5. A burn-in board for use in a SOT23-3 packaged chip burn-in test as defined in claim 3, wherein: when the jumper terminal is connected by using a jumper cap, the jumper cap is a movable part, the outer layer is made of insulating plastic, and the inner layer is made of conductive material; when a certain load resistor is selected according to requirements, the jumper cap is inserted onto two jumper pins corresponding to the certain load resistor, and the two jumper pins are connected; when the jumper cap is buckled on the two jumper pins, the jumper pins are in an on state, current passes through, and when the jumper cap is not buckled, the jumper pins are in an off state, and no current passes through.

6. A boss for SOT23-3 packaged chip burn-in testing according to any one of claims 2 to 5, wherein: the load resistor adopts a resistor with the resistance value of 1K or/and 1.2K or/and 2.5K or/and 3.3K or/and 4.5K power.

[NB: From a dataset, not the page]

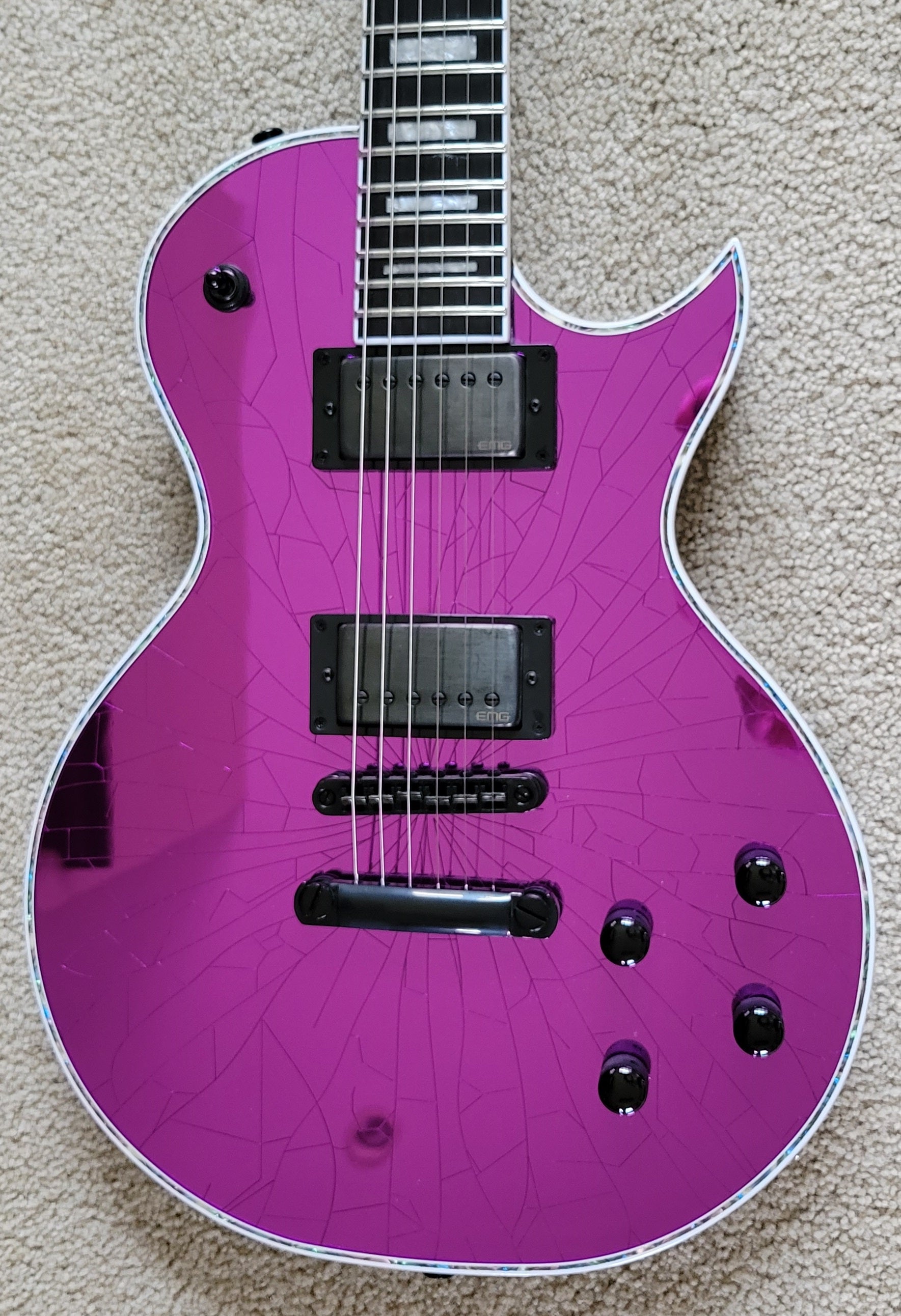 Never fear being upstaged with the all-new cracked Purple Mirror finish, complete with 3-ply white/abalone/white body binding, all-black hardware and reverse Jackson 3x3 (3 over, 3 under) AT-1 black headstock.

7. A burn-in board for use in a SOT23-3 packaged chip burn-in test as defined in claim 1, wherein: when the ageing test fixture modules are multiple, the load group module comprises a single power resistor connected with the test module, and the power resistor is connected with the test module through a load.

8. The burn-in board for use in a SOT23-3 packaged chip burn-in test of claim 7, wherein: the resistance value of the power resistor is 2.5K.

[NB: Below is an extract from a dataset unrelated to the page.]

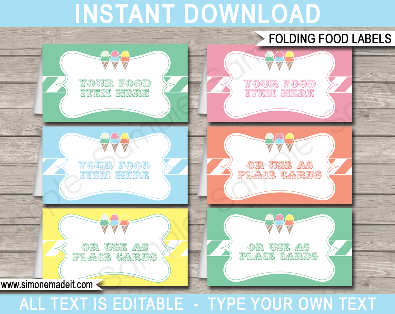 Ice Cream Party Food Labels Place Cards Ice Cream Theme Party

9. A boss for SOT23-3 packaged chip burn-in testing according to any one of claims 1-5 and 7, wherein: the capacitance of the input capacitor and the output capacitor is 0.1uF.

10. A burn-in board for use in a SOT23-3 packaged chip burn-in test as defined in claim 1, wherein: the test module comprises m rows and n columns of aging test fixtures for fixing SOT23-3 packaging chips, and the aging test fixtures are connected with a power input interface and a voltage output interface through copper sheet circuits on the top layer or the bottom layer of the PCB substrate.